Die FRESH Legal Group weist in einem kürzlich veröffentlichten Beratungsbericht darauf hin, dass das Ende der beliebten portugiesischen Regelung für den nicht-habituellen Wohnsitz (NHR) die Steuerlandschaft für Fernarbeitnehmer grundlegend verändert hat - und dass viele Neuankömmlinge dies noch nachholen müssen.

Ein Traum vom Lebensstil - mit einem versteckten Preis

Portugal zieht weiterhin jedes Jahr Tausende von digitalen Nomaden an, die von seinem Klima, seiner Sicherheit und seiner internationalen Gemeinschaft angezogen werden. Laut der Firma führt jedoch derselbe Optimismus und die "Finde es selbst heraus"-Mentalität, die vielen zum geschäftlichen Erfolg verhilft, jetzt zu schwerwiegenden Steuerfehlern.

"Der Lebensstil ist real", stellt die Kanzlei fest - aber das gilt auch für das Steuerrisiko.

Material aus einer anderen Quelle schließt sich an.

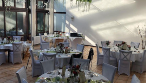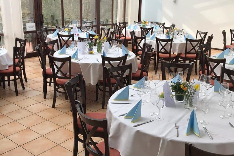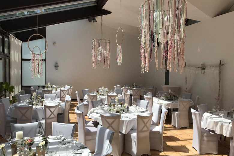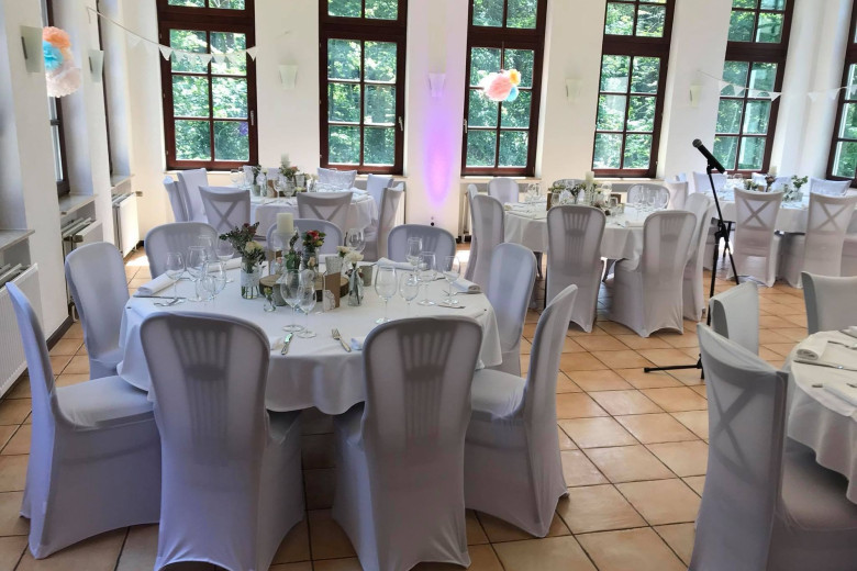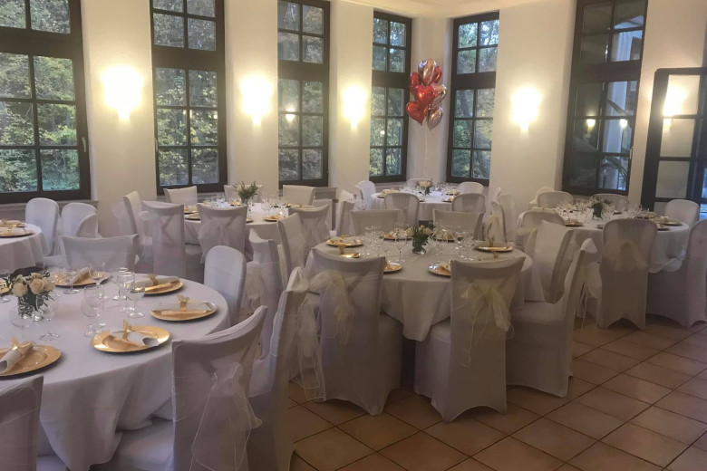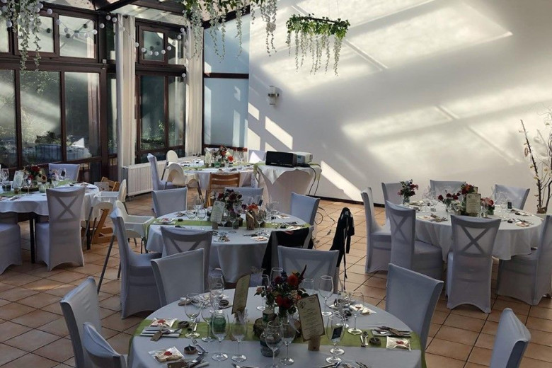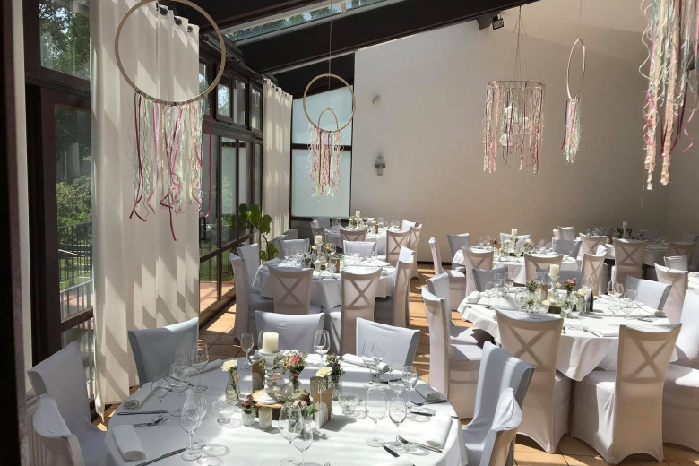 Feiern Sie Ihre Hochzeit in unserem hellen Räumlichkeiten mitten im tiefgrünen Wald. Mit bis zu 120 Personen können Sie in unserer Hochzeitslocation in Bonn einen unvergesslichen Tag in entspannter Atmosphäre erleben. An locker angeordneten Banketttischen bietet ein großzügiger Wintergarten, in dem auch freie Trauungen möglich sind, ausreichend Platz für Ihre Gäste. Bodentiefe Fenster bieten von hier aus einen wunderschönen Blick in den angrenzenden Wald. Bei der Dekoration des Saales richten wir uns gerne nach Ihren Vorstellungen und stehen immer gerne beratend zur Seite!

Viele Neuankömmlinge gehen immer noch davon aus, dass sie von einer vorteilhaften steuerlichen Behandlung profitieren werden, ähnlich wie bei der jetzt abgeschafften NHR-Regelung. In Wirklichkeit unterliegen Personen, die in Portugal steuerlich ansässig werden, in der Regel progressiven Einkommenssteuersätzen von bis zu 48 %, wobei zusätzliche Solidaritätszuschläge und Sozialversicherungsbeiträge die tatsächliche Belastung möglicherweise noch deutlich höher ausfallen lassen.

Für gut verdienende Fernarbeitnehmer kann dies ein Schock sein.

Das "70%-Problem"

Der Analyse des Unternehmens zufolge könnten digitale Nomaden mit sechsstelligen Einkommen mit kombinierten Steuer- und Sozialversicherungskosten in Höhe von 70 % konfrontiert werden, wenn sie ihre Angelegenheiten falsch strukturieren.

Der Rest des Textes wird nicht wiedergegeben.